MercerNieuws Pensioenfondsen juli 2022
01 juli 2022
Voor u ligt onze periodieke nieuwsbrief MercerNieuws Pensioenfondsen.
Voor u ligt onze periodieke nieuwsbrief MercerNieuws Pensioenfondsen
Wet Toekomst Pensioenen: Actuele status, invaren en compensatie
Door: Marc Heemskerk
Met de maand juni inmiddels achter ons liggend is enige achterstand opgetreden bij de behandeling in de Tweede Kamer van de Wet Toekomst Pensioenen (WTP). Onduidelijk is wanneer de behandeling plaats zal vinden, nu de beoogde datum van 1 juli niet is gehaald. Vooralsnog wordt wel vastgehouden aan 1 januari 2023 als beoogde invoeringsdatum.
In onze brochure “In 10 stappen naar een nieuw pensioencontract” lichten wij onze aanpak voor de transitie naar het nieuwe pensioenstelsel toe. U kunt deze brochure hier downloaden.
In onze vorige nieuwbrieven gaven wij een nadere toelichting bij de eerste vijf stappen uit ons stappenplan (rolverdeling, bepalen transitiemoment, keuze contract, keuze invaren en vormgeving compensatie). Inmiddels hebben wij ook via drie webinars de eerste 5 stappen toegelicht.

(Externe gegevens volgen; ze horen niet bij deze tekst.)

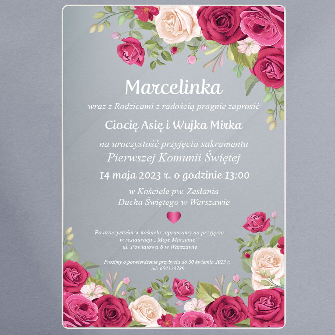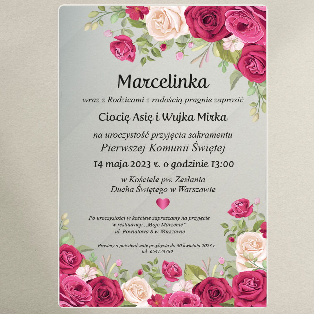 Zaproszenie na komunię na szkle akrylowym - róże
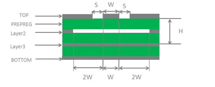 上图需要注意多层板结构参考地和阻抗线之间的层,需要将阻抗线投影区下方挖掉5W线宽的覆铜如上图L2层。

In deze nieuwsbrief zullen wij stap 6 (deelname transitie-FTK) en stap 7 (consequenties uitvoering) nader beschrijven.
Stap 6: Deelname transitie-FTK
Vooruitlopend op het nieuwe pensioenstelsel, kunnen pensioenfondsen gebruikmaken van een overgangsregime. Hierbij worden de korting- en toeslaggrenzen verlaagd. Dit wordt het transitie-FTK genoemd. Het transitie-FTK is bedoeld voor een evenwichtige overstap naar het nieuwe pensioenstelsel. Zo moet worden voorkomen dat fondsen in de jaren tot de transitie maatregelen moeten treffen die onnodig zijn voor evenwichtig invaren. Invaren is dan ook een noodzakelijke voorwaarde voor toepassing van het transitie-FTK, waarbij in beginsel de intentie tot invaren voldoende is. In 2022 is via een wijziging van Besluit FTK ook al ruimte geboden voor een extra toeslagverlening, die inmiddels door vele fondsen is omarmd.
Uitstel of afstel?
Op het eerste gezicht lijkt het aantrekkelijk om toe te treden tot het transitie-FTK, omdat het bestuur hiermee meer beleidsruimte krijgt. Maar er ontstaan direct verwachtingen bij de deelnemers over de maximaal geboden ruimte. Reden om gebruik te maken van de verlaagde grenzen zal met name de hogere toeslagverlening zijn, één van de hoofddoelstellingen van een pensioenfonds. Daarbij stijgt de kortingskans enigszins, maar bij de verlaagde kortingsgrenzen - die eveneens onderdeel zijn van het transitie-FTK – blijft de uiteindelijke kortingskans laag bij een normale toeslagverlening. Waarbij uiteraard wel de hoogte van de toeslag van belang is. Het huidige inflatiepercentage van bijna 10% valt buiten de definitie van “normaal” en de impact kan dan wel degelijk materieel zijn. De toeslagbeslissing zal dan ook zorgvuldig bezien moeten worden.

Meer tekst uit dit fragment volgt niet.